Protein-coding gene in the species Homo sapiens

Gamma-crystallin A is a protein that in humans is encoded by the CRYGA gene.

Crystallins are separated into two classes: taxon-specific, or enzyme, and ubiquitous. The latter class constitutes the major proteins of vertebrate eye lens and maintains the transparency and refractive index of the lens. Since lens central fiber cells lose their nuclei during development, these crystallins are made and then retained throughout life, making them extremely stable proteins. Mammalian lens crystallins are divided into alpha, beta, and gamma families; beta and gamma crystallins are also considered as a superfamily. Alpha and beta families are further divided into acidic and basic groups. Seven protein regions exist in crystallins: four homologous motifs, a connecting peptide, and N- and C-terminal extensions.

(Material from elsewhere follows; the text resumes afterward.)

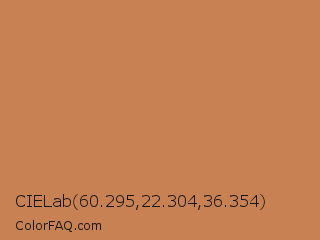 CIELab 60.295,22.304,36.354 Color is a normal orange color and the nearest color is Deer #ba8759. Hex code #c78152 and RGB value is rgb(199,129,82). In RGB color space, this color is composed of 78% red, 51% green, 32% blue, In CMYK color space, this color is composed of 0% cyan, 35% magenta, 59% yellow , 22% black , In HSL color space, this color has a hue angle of 24° , 51% saturation and 55% lightness.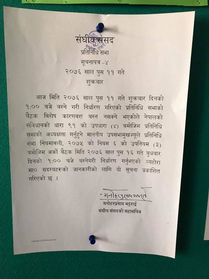 काठमाडौं – शुक्रबारको प्रतिनिधिसभाको बैठक स्थगित भएको छ । सत्तारुढ नेपाल कम्युनिस्ट पार्टी (नेकपा)ले सभामुखको उम्मेदवारमा सहमति जुटाउन नसक्दा आज १ बजेका लागि बोलाइएको बैठक सूचना टाँसेर ६ दिनका लागि स्थगित गरिएको हो ।

Gamma-crystallins are a homogeneous group of highly symmetrical, monomeric proteins typically lacking connecting peptides and terminal extensions. They are differentially regulated after early development. Four gamma-crystallin genes (gamma-A through gamma-D) and three pseudogenes (gamma-E, gamma-F, gamma-G) are tandemly organized in a genomic segment as a gene cluster. Whether due to aging or mutations in specific genes, gamma-crystallins have been involved in cataract formation.